The call for this legislation follows concerns raised about potential risks posed to students by some existing facial recognition and other biometric technologies, including reported high rates of misidentification of women, young people, and people of color as well as the safety and security of biometric data and corresponding student privacy concerns.
"The moratorium on biometric surveillance is a landmark piece of legislation that should serve as a national model to stop the proliferation of faulty, harmful facial recognition technologies in schools,” said Donna Lieberman, NYCLU executive director. “For children, whose appearances change rapidly as they grow, and for people of color and women more broadly, the accuracy of biometric technologies is highly questionable. This is especially important as schools across the state begin to acknowledge the experiences of Black and Brown students being policed in schools and funneled into the school-to-prison pipeline.”
“New York should never dedicate funding to invasive and biased surveillance technology, and now many more school districts across the state will be blocked from deploying these harmful systems,” said Stefanie Coyle, deputy director for the NYCLU’s Education Policy Center. “There is such an overwhelming need for resources in the classroom and to support remote learning, and we hope this will be a part of a shift toward a model of education that centers students’ needs rather than exposes them to law enforcement and discipline.”
“The Lockport school district made our students guinea pigs in an experiment in high-tech surveillance of all their movements,” said Jim Shultz, plaintiff and Lockport parent. “They wasted $2.7 million in taxpayer dollars doing it.

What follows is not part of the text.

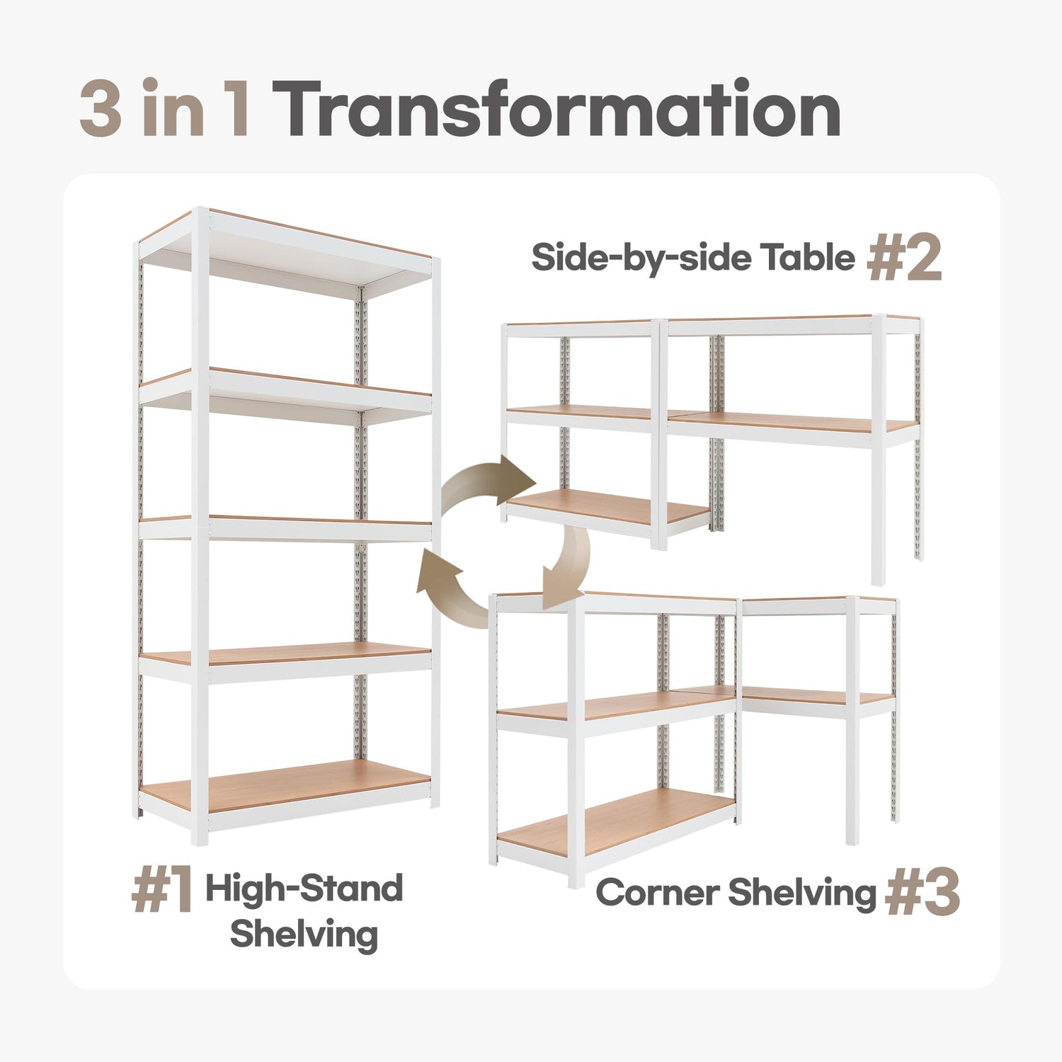 - VERSATILE MULTIPURPOSE SHELVES - It can be used as 2 shorter units for as a table, workbench, or corner shelves, or make a tall shelving by stacking them using the post connector. It’s perfect for the kitchen, pantry, cellar, closet, bathroom, garage, warehouse, outdoor shed. Also, suitable for school, hospital, office and shop and more that require a lot of shelves. You can place a microwave oven, tools, clothes, books, and whatever else is taking up space.

Of course facial recognition in schools needs to be studied before any other school district – in New York or anywhere else – does this again.”
The funding for Lockport’s facial recognition system, and 11 other currently approved projects utilizing biometric surveillance, comes from the Smart Schools Bond Act (SSBA), a law to ensure funding for school technology upgrades. Through the SSBA, the Lockport City School District has already been fully reimbursed for the costs incurred installing their system.